The nameField keyword specifies a single property that is to be used to name the object in the Delphix Engine. The property must be a string field. This keyword is used at the same level as properties. It is required for RepositoryDefinition and SourceConfigDefinition schemas, and may not be used in any other schemas.

In this example, we will use the path property as the user-visible name.

{
    "properties": {
        "path": { "type": "string" },
        "port": { "type": "integer" }
    },
    "nameField": "path"
}

So, if we have an repository object that looks like

{
  "path": "/usr/bin",
  "port": 8800
}

then the user will be able to refer to this object as /usr/bin.

ordering

Summary
Required or Optional? Optional
Where? At the top level, same level as type and properties.
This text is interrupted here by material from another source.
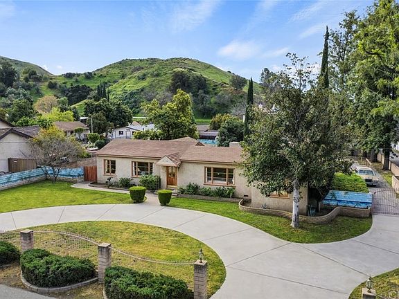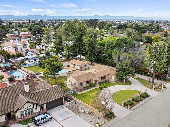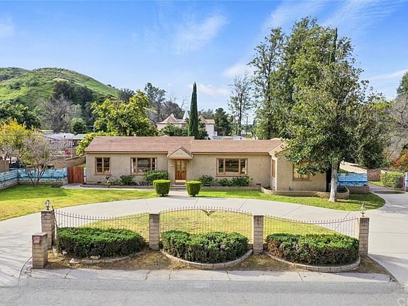 HUGE 20,051 SF. FT. LOT!!! Formal living room with brick fireplace for decorative use and beamed ceilings. Family room leads to dining area and kitchen with tile counters and breakfast bar - great for entertaining! Spacious back den sliding door access to backyard. Backyard with empty pool area, sports court and grassy yards. Detached garage with long driveway and lots of space for toys or RV!

The ordering keyword can be used to order the fields when the UI is autogenerated.

{
    "properties": {
        "path": { "type": "string" },
        "port": { "type": "integer" }
    },
    "ordering": ["port", "path"]
}

In the example above, the port will be the first field in the autogenerated UI wizard followed by path.

password

Summary
Required or Optional? Optional
Where? As the value for the format keyword in any string property's subschema.

The password keyword can be used to specify the format of a string. (Note that format is a standard keyword and is not Delphix-specific). If a property is tagged as a password, then the UI will never show the value on screen, and the value will be encrypted before being stored as described here.
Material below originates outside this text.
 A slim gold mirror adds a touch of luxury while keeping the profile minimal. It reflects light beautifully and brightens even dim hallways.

In this example, the dbPass field on any object will be treated as a password.

{
  "properties": {
    "dbPass": {
      "type": "string",
      "format": "password"
    }
  }
}

prettyName

Summary
Required or Optional? Optional
Where? In any property subschema, at the same level as type.

The prettyName keyword can optionally appear on any property. If it does appear, it is used by the UI as a title for the UI widget associated with the property. If it does not appear, then the name of the property is used.

In this example, the user would see "Name of Database" on the UI, instead of just "name".

{
  "properties": {
    "name": {
      "type": "string",
      "prettyName": "Name of Database"
    }
  }
}

unixpath

Summary
Required or Optional? Optional
Where? As the value for the format keyword in any string property's subschema.

The unixpath keyword is used to specify the format of a string. This will allow the Delphix Engine to verify and enforce that a particular field can be parsed as a valid Unix path.

{
  "properties": {
    "datapath": {
      "type": "string",
      "format": "unixpath"
    }
  }
}

reference

Summary
Required or Optional? Optional
Where? As the value for the format keyword in any string property's subschema.

The reference keyword is used to specify the format of a string. This will allow the plugin author to ask the user to select environments and environment users on the Delphix Engine.

"properties": {
  "env": {
    "type": "string",
    "format": "reference",
    "referenceType": "UNIX_HOST_ENVIRONMENT"
  },
  "envUser": {
    "type": "string",
    "format": "reference",
    "referenceType": "HOST_USER",
    "matches”: "env"
  }
}

referenceType

Summary
Required or Optional? Optional
Where? In any property subschema of type string and format reference, at the same level as type.

The referenceType keyword is used to specify the reference type. Possible values:

"properties": {
  "env": {
    "type": "string",
    "format": "reference",
    "referenceType": "UNIX_HOST_ENVIRONMENT"
  },
  "envUser": {
    "type": "string",
    "format": "reference",
    "referenceType": "HOST_USER",
    "matches”: "env"
  }
}

matches

Summary
Required or Optional? Optional
Where? In any property subschema of type string and format reference, at the same level as type.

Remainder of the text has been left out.